How to complete this task:
Copy nothing but the text: reproduce each line of the listing exactly and leave the pictures out.

───── Source material ─────

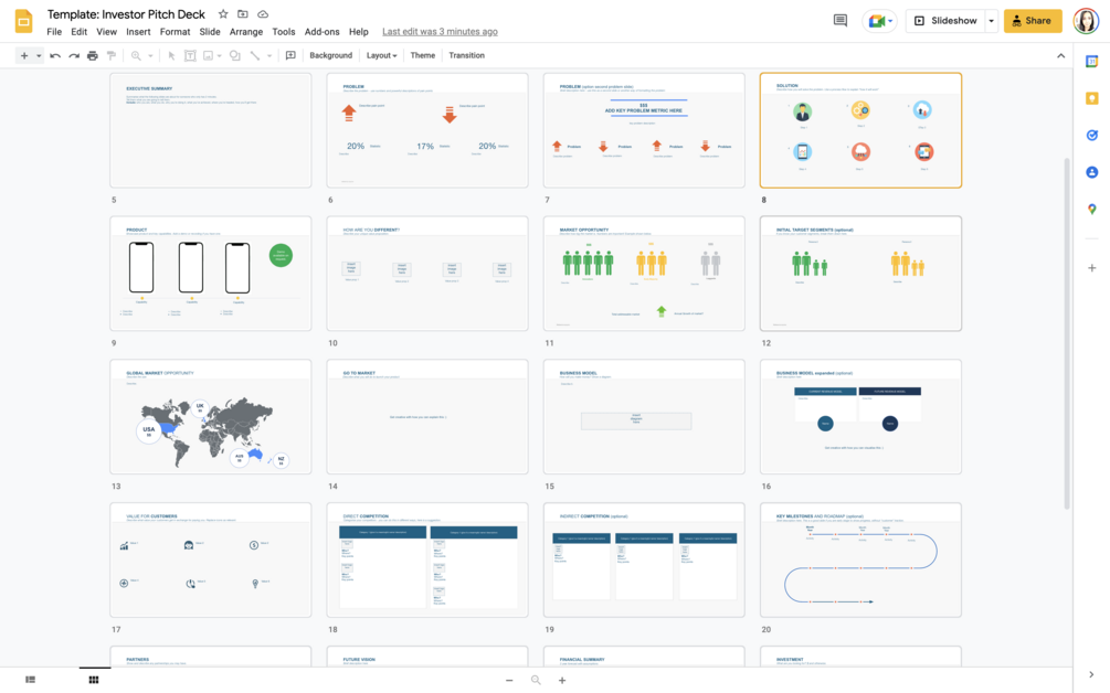 I used this Investor Pitch Deck for my startup a few years ago, to raise capital as an early stage startup. This template can be downloaded for you to create your own pitch deck, and has prompts on each slide to help you with each section.
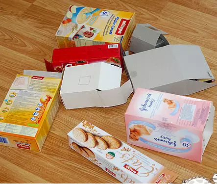 【準備材料】:各種紙盒、畫筆、剪刀、膠水。
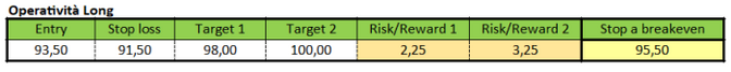 Vista la struttura tecnica di DiaSorin si potrebbero implementare strategie long alla validazione del pattern inside come argomentato precedentemente. Lo stop loss potrebbe essere collocato poco al di sotto del livello di chiusura di venerdì scorso, più precisamente a 91,50 euro. Un primo obiettivo di profitto potrebbe essere collocato sul top di periodo a 98 euro, mentre un target finale a 100 euro.
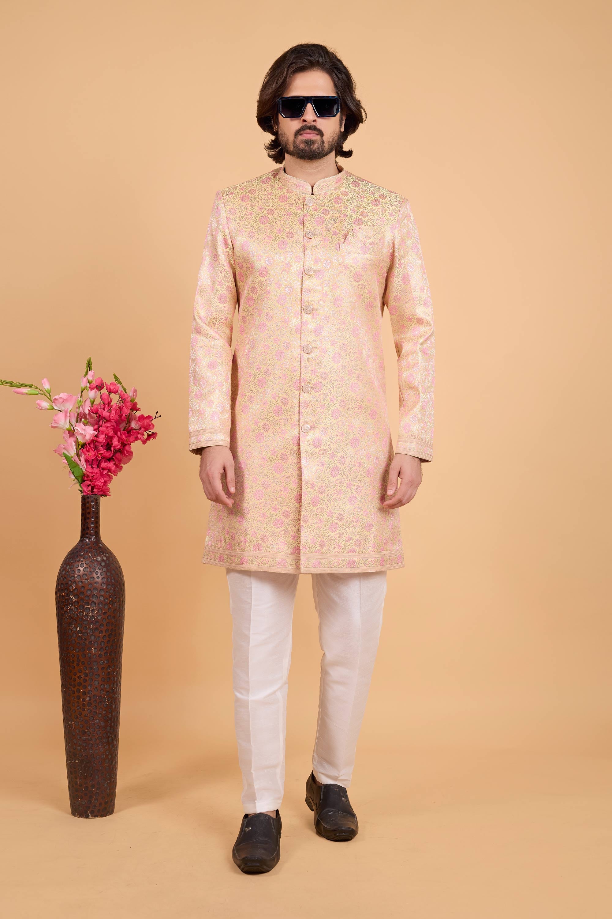 Cream Wedding Wear Zari Weaving Work Design Readymade Indowestern And Aligadhi Pant For Men

─────

Response to the exercise:
 I used this Investor Pitch Deck for my startup a few years ago, to raise capital as an early stage startup. This template can be downloaded for you to create your own pitch deck, and has prompts on each slide to help you with each section.
 【準備材料】:各種紙盒、畫筆、剪刀、膠水。
 Vista la struttura tecnica di DiaSorin si potrebbero implementare strategie long alla validazione del pattern inside come argomentato precedentemente. Lo stop loss potrebbe essere collocato poco al di sotto del livello di chiusura di venerdì scorso, più precisamente a 91,50 euro. Un primo obiettivo di profitto potrebbe essere collocato sul top di periodo a 98 euro, mentre un target finale a 100 euro.
 Cream Wedding Wear Zari Weaving Work Design Readymade Indowestern And Aligadhi Pant For Men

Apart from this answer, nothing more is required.